> COLLECTED DATA:
■ ■ ■ ■ ■ ■ ■

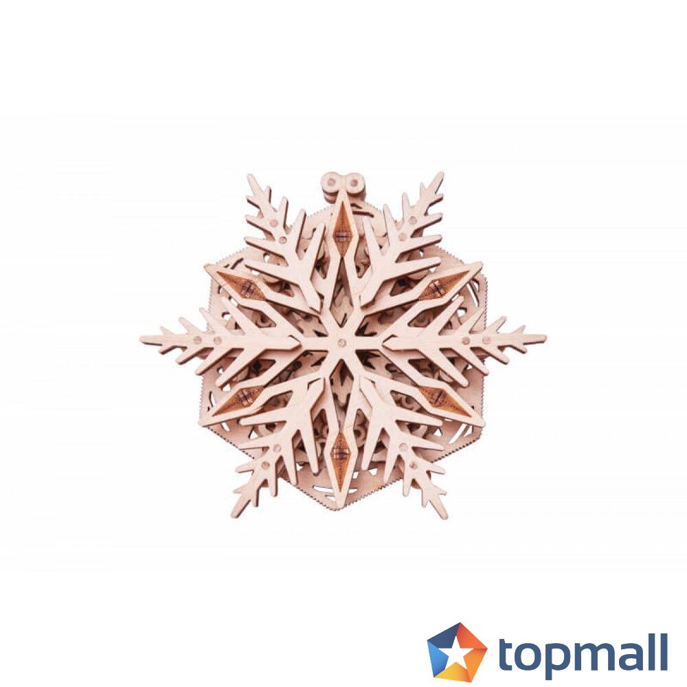 Wood Trick 3D Пъзел Woodik Snowflake - един страхотен малък дървен конструктор от реномираната украинска марка Wood Trick. изработен е изцяло от екологично чист дървен материал. Не са използвани бои, лакове или лепила. За сглобяването също не се използват лепила или друг вид помощни материали. Подходящ е за ценители и колекционери. Чудесен подарък за всеки човек и страхотна декорация на вашия дом. Този страхотен 3D Пъзел Woodik Snowflake е мини конструктор, който се състои само от 24 части и се сглобява изключително лесно и бързо, без да се използват лепила. Може да си го поставите като окраса на секцията или част от окрасата на елхата. Съберете пълна колекция от конструкторите на Wood Trick.
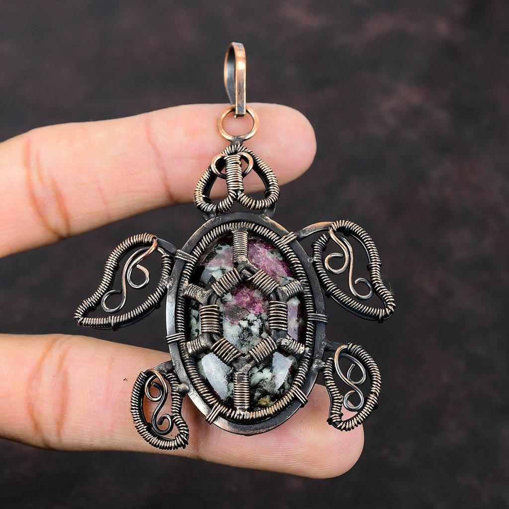 Эвдиалит Медный Кулон Украшения из Медной Проволоки Ручной Работы Кулон с Драгоценным Камнем Украшения из Эвдиалита Кулон в Виде Черепахи Кулон из Проволоки Для Подарка
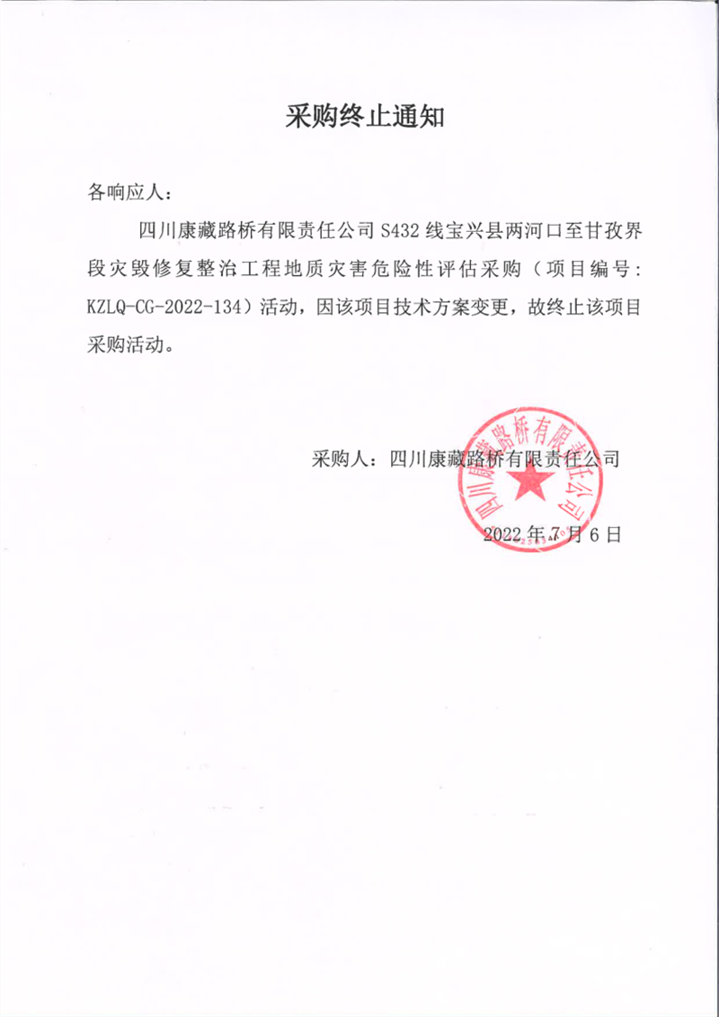 四川康藏路橋有限責任公司S432線寶興縣兩河口至甘孜界段災毀修復整治工程地質(zhì)災害危險性評估采購終止通知

■ ■ ■ ■ ■ ■ ■

> INSTRUCTIONS FOR THE TASK:
An exact transcription is requested of each line from the one that holds "Эвдиалит Медный Кулон" to the end of the listing above, both boundary lines included; pictures are to be omitted.

> TASK RESPONSE:
 Эвдиалит Медный Кулон Украшения из Медной Проволоки Ручной Работы Кулон с Драгоценным Камнем Украшения из Эвдиалита Кулон в Виде Черепахи Кулон из Проволоки Для Подарка
 四川康藏路橋有限責任公司S432線寶興縣兩河口至甘孜界段災毀修復整治工程地質(zhì)災害危險性評估采購終止通知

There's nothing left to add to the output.